## [YOUR OBJECTIVE]
Reproduce the entries word for word, and omit any picture you find in them.

## [DATA PROVIDED]
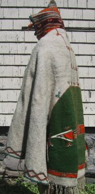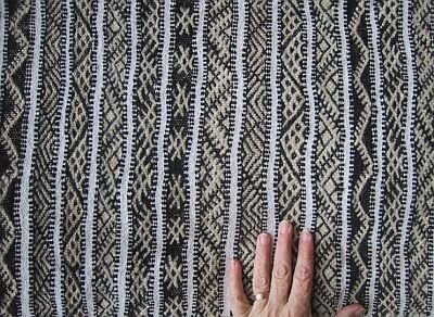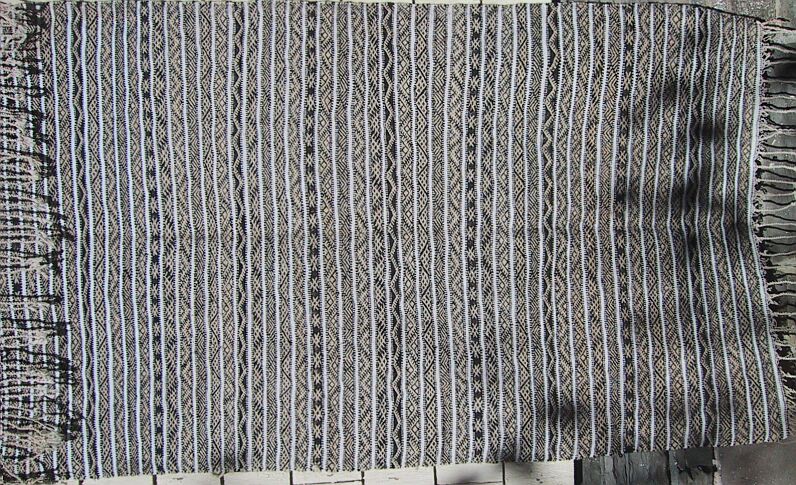 Piece 4.14476 is a black and white woman's cape with varied design stripes in white wool and cotton and black, which you can see by better clicking the photo. I like to see how far the design stripes go without repeating. Click here for an overview of the piece. I would use this on the floor in a low wear area, as a throw - or you could wear it. The wool is warm, but not heavy. The size is about 41 x 71 inches (104 x 180 cm) and the price is $165.
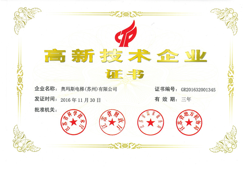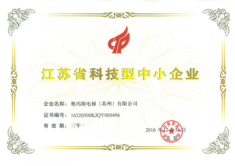 在残酷的电梯市场竞争中,我司每年持续拿出资金用于新产品的研发及现有产品的持续优化改进,使得奥玛斯的产品“性价比”更高,在我司的产品上保持了“人有我新、人无我有”的创新特色,赢得了广大客户的信任与好评。同时我司也十分注重技术成果的专利申请与保护工作。一系列的付出、持续的付出必将赢得回报,我们先后获得了“江苏省高新技术企业”、“江苏省科技型中小企业”等荣誉证书。
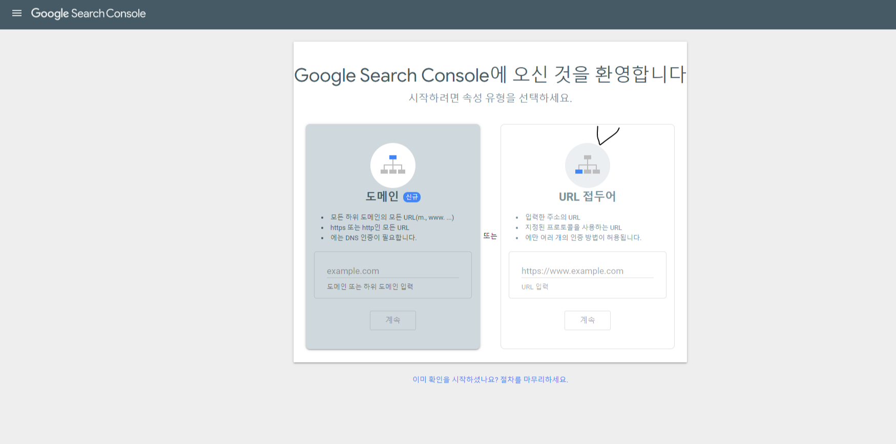 4. 자신의 URL 을 입력한 후 계속을 누르면 아래와같이 표시됩니다.
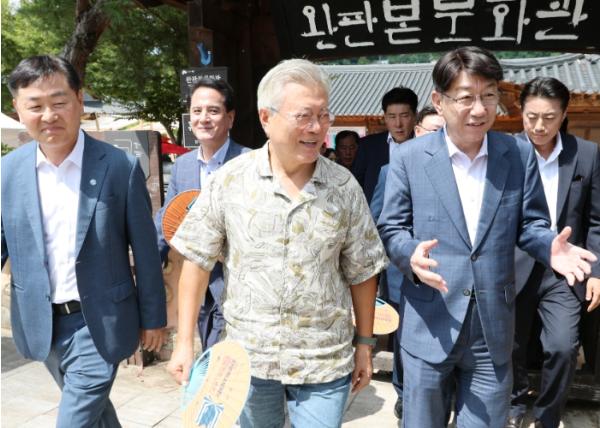 문 전 대통령은 우범기 전주시장과 김관영 전북특별자치도지사 등과 함께 행사장에 마련된 부스 및 체험장을 돌면서 책의 도시 전주를 알리기 위해 진행되는 독서대전 분위기를 고조시켰다.
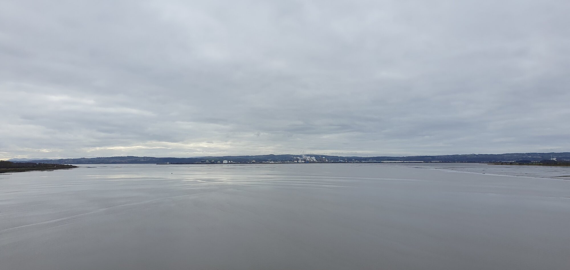 I passed through Falkirk which was fairly busy but didn't encounter any problems and I was now heading for the Kincardine Bridge, this is the view south of the Firth of Forth just before crossing the bridge with the oil refinery in the distance!
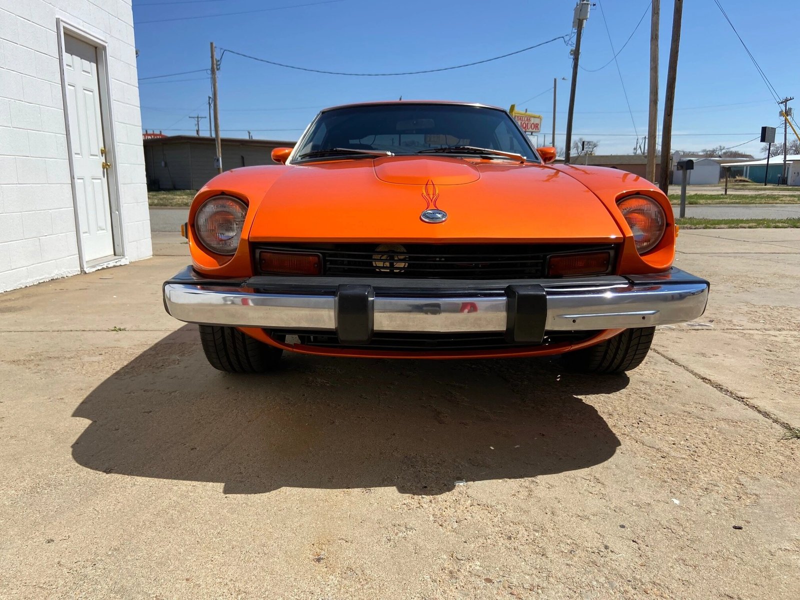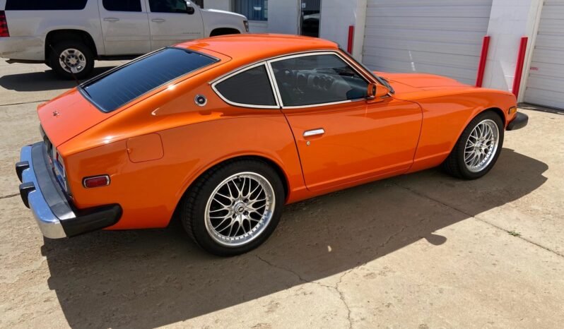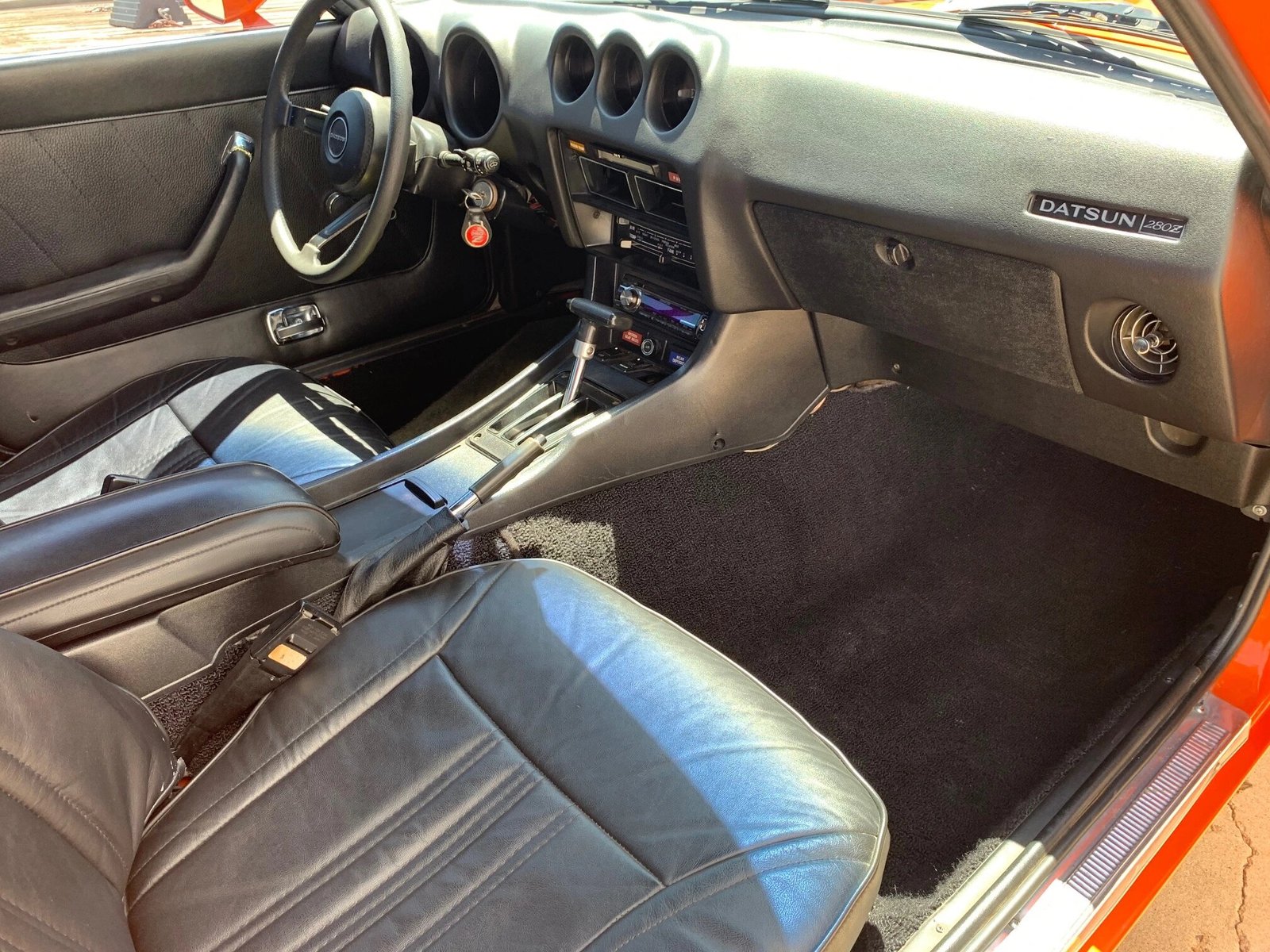 This 1976 Datsun 280Z is powered by a 5.7-liter L98 V8 mated to a four-speed 700R4 automatic transmission and is finished in orange with custom pinstripes over black upholstery.
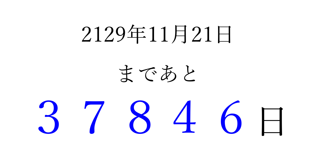 2129年11月21日(月)まで あと 99999 日です 追加すると、トップページからすぐ選べるようになります ※2026/04/09現在の結果です。 最新の状態に更新する ↓シェアして、タイムライン上にカウントダウンを表示しよう!↓ 📤 この結果を共有する Tweet シェア Threads Bluesky 別の日付でカウントダウン 2129年11月のカレンダー このページをブックマークに追加すると、いつでもカウントダウンを確認できます。 (PC: Ctrl+D / Mac: ⌘+D) hitome-notes.comでは以下のページも運営しています。 指定日と期間から日付を計算 | ガチャ確率計算・シミュレーション | プライバシー・ポリシー 運営者:Avocado
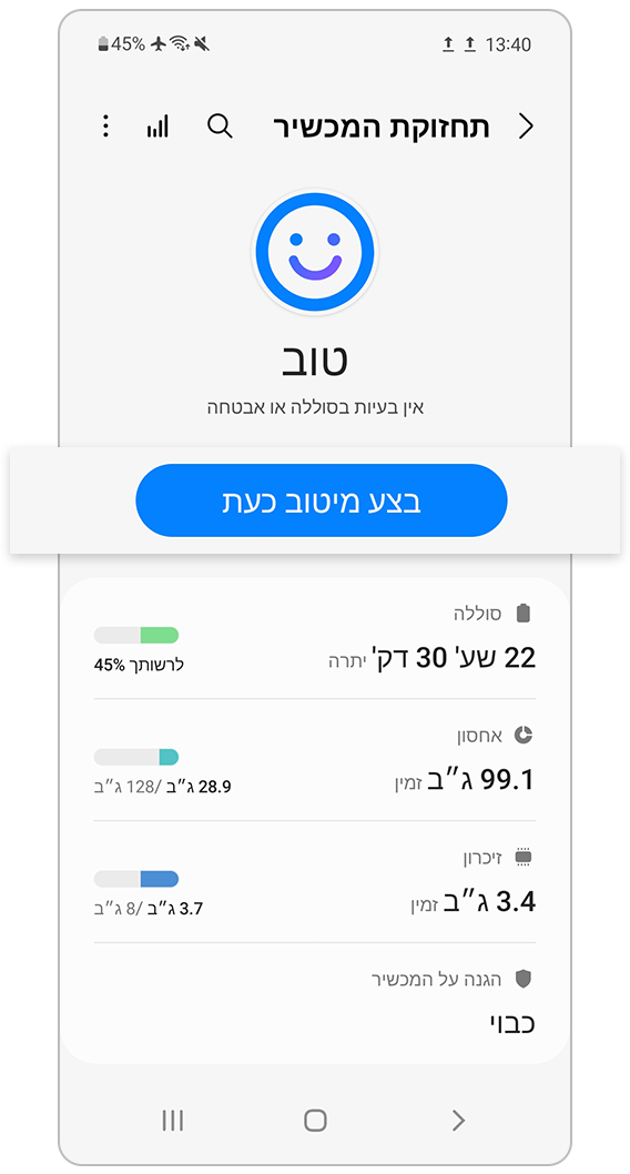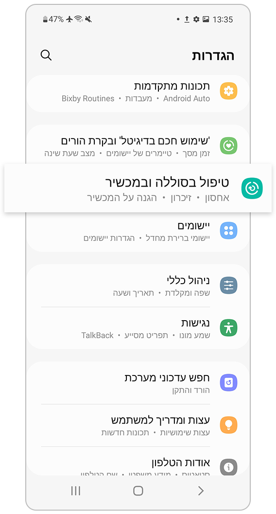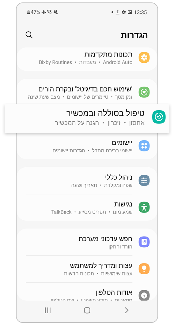 - [ודאו שהיישומים במכשיר מעודכנים לגרסתם האחרונה באמצעות בדיקה שגרתית.]

## [OUTPUT FOR THIS TASK]
 Piece 4.14476 is a black and white woman's cape with varied design stripes in white wool and cotton and black, which you can see by better clicking the photo. I like to see how far the design stripes go without repeating. Click here for an overview of the piece. I would use this on the floor in a low wear area, as a throw - or you could wear it. The wool is warm, but not heavy. The size is about 41 x 71 inches (104 x 180 cm) and the price is $165.
 在残酷的电梯市场竞争中,我司每年持续拿出资金用于新产品的研发及现有产品的持续优化改进,使得奥玛斯的产品“性价比”更高,在我司的产品上保持了“人有我新、人无我有”的创新特色,赢得了广大客户的信任与好评。同时我司也十分注重技术成果的专利申请与保护工作。一系列的付出、持续的付出必将赢得回报,我们先后获得了“江苏省高新技术企业”、“江苏省科技型中小企业”等荣誉证书。
 4. 자신의 URL 을 입력한 후 계속을 누르면 아래와같이 표시됩니다.
 문 전 대통령은 우범기 전주시장과 김관영 전북특별자치도지사 등과 함께 행사장에 마련된 부스 및 체험장을 돌면서 책의 도시 전주를 알리기 위해 진행되는 독서대전 분위기를 고조시켰다.
 I passed through Falkirk which was fairly busy but didn't encounter any problems and I was now heading for the Kincardine Bridge, this is the view south of the Firth of Forth just before crossing the bridge with the oil refinery in the distance!
 This 1976 Datsun 280Z is powered by a 5.7-liter L98 V8 mated to a four-speed 700R4 automatic transmission and is finished in orange with custom pinstripes over black upholstery.
 2129年11月21日(月)まで あと 99999 日です 追加すると、トップページからすぐ選べるようになります ※2026/04/09現在の結果です。 最新の状態に更新する ↓シェアして、タイムライン上にカウントダウンを表示しよう!↓ 📤 この結果を共有する Tweet シェア Threads Bluesky 別の日付でカウントダウン 2129年11月のカレンダー このページをブックマークに追加すると、いつでもカウントダウンを確認できます。 (PC: Ctrl+D / Mac: ⌘+D) hitome-notes.comでは以下のページも運営しています。 指定日と期間から日付を計算 | ガチャ確率計算・シミュレーション | プライバシー・ポリシー 運営者:Avocado
 - [ודאו שהיישומים במכשיר מעודכנים לגרסתם האחרונה באמצעות בדיקה שגרתית.]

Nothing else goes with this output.